Die Kosten von Neid berechnen sich nun aus zwei Beträgen: Zum einem aus dem Betrag, den die Diskriminierten eingesetzt hatten, um den Bonus der Privilegierten zu reduzieren. Zum andern aber auch aus dem entsprechenden Betrag, der den Privilegierten abgezogen wurde. Somit standen diese zwei Geldbeträge der Kundschaft nicht mehr zur Verfügung. In unserem Experiment machte dieses insgesamt ein Siebtel des gesamten zur Verfügung stehenden Geldvolumens nach dem Gewinnspiel aus. Mit anderen Worten: Neid kann erhebliche Schäden in einer Kundschaft anrichten.

Neidisch sind immer nur die anderen

Als Gründe dafür gaben die Teilnehmer unterschiedliche Motive an: Die meisten gaben an, dass sie nicht wollten, dass ihr Mitspieler mehr bekomme als sie selbst. Weitere Gründe waren, dass es „unfair“ oder „ungerecht“ sei, dass der Mitspieler gewonnen habe und nicht sie selbst. Dass keiner explizit angegeben hat, aus Neid gehandelt zu haben, verwundert nicht. Neid ist negativ belegt und sozial unerwünscht. Werden also beispielsweise im Internet zunehmend Begriffe wie „unfair“, „ungerecht“ oder „diskriminierend“ mit den Unternehmensleistungen bzw. in der vernetzten Kundenkommunikation verwendet, so kann dies ein Hinweis darauf sein, dass in Ihrer Kundschaft erste Anzeichen von Neid schwelen.

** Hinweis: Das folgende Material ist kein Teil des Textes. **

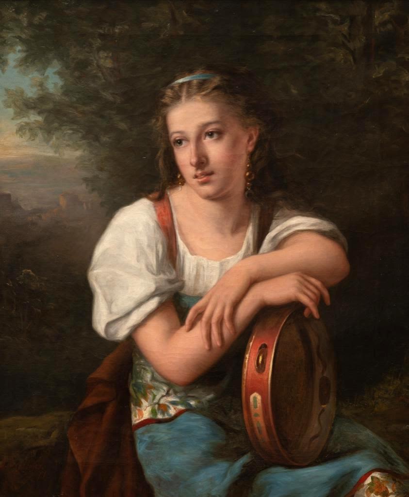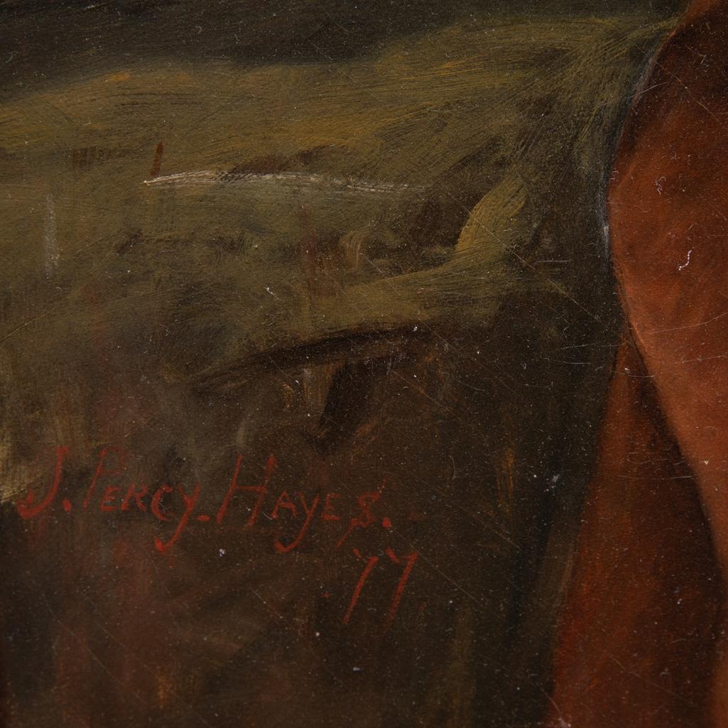 J. Percy Hayes Reverie, 1877 Oil painting on canvas Signed to lower left. 34.0" W x 39.0" H x 2.25" D Frame. 24.5" W x 29.5" H. Visible APPROX

Die fünf Vs des neid-Managements

Zwischenmenschliche Phänomene wie Vergleiche unter Kunden und das daraus gegebenenfalls resultierende Neidverhalten sind Teil der menschlichen Natur und können somit nicht einfach unterbunden oder eliminiert werden. Es ist daher wichtig, sich diesen Phänomenen zu stellen und sie in die Marketingplanung zu integrieren. Dafür haben wir für Sie fünf Praxistipps zusammengestellt.
 

  • Vergleichen: Neid entsteht durch den Vergleich mit anderen. Es ist daher wichtig zu erkennen, welche Referenzpunkte Kunden verwenden, um ihre Konditionen zu beurteilen.
  • Verstehen: Als Unternehmen sollte man sich bewusst darüber sein, welche Maßnahmen Neid unter den Kunden hervorrufen können. Sie sollten versuchen, Reaktionen der bevorzugten und diskriminierten Kunden zu antizipieren und etwaige Privilegien nachvollziehbar zu begründen.
  • Verdienen: Wenn Sie einem Kunden ein Privileg einräumen, sollten Sie transparent kommunizieren, warum er oder sie diesen Vorzug tatsächlich auch verdient hat.
  • Verändern: Durch die geschilderte transparente Kommunikation kann destruktiver zu motivierendem Neid umgewandelt werden. Diesen kann das Unternehmen in seinem Sinne nutzen.
  • Vertrauen: „Unechte“ Preisdifferenzierungen sollten vermieden werden. Eine verschleiernde Kommunikation ist in Zeiten gestiegener Transparenz und extrem einfacher Gruppenbildung im Internet wenig sinnvoll. Sie kostet wertvolles Vertrauen.
Empfohlene Quellen

Ackerman, D./Perner L. (2004):
Did You hear What My Friend Paid! Examining the consequences of social comparisons of Prices. In: Advances in consumer Research, Vol. 31, s. 586–592.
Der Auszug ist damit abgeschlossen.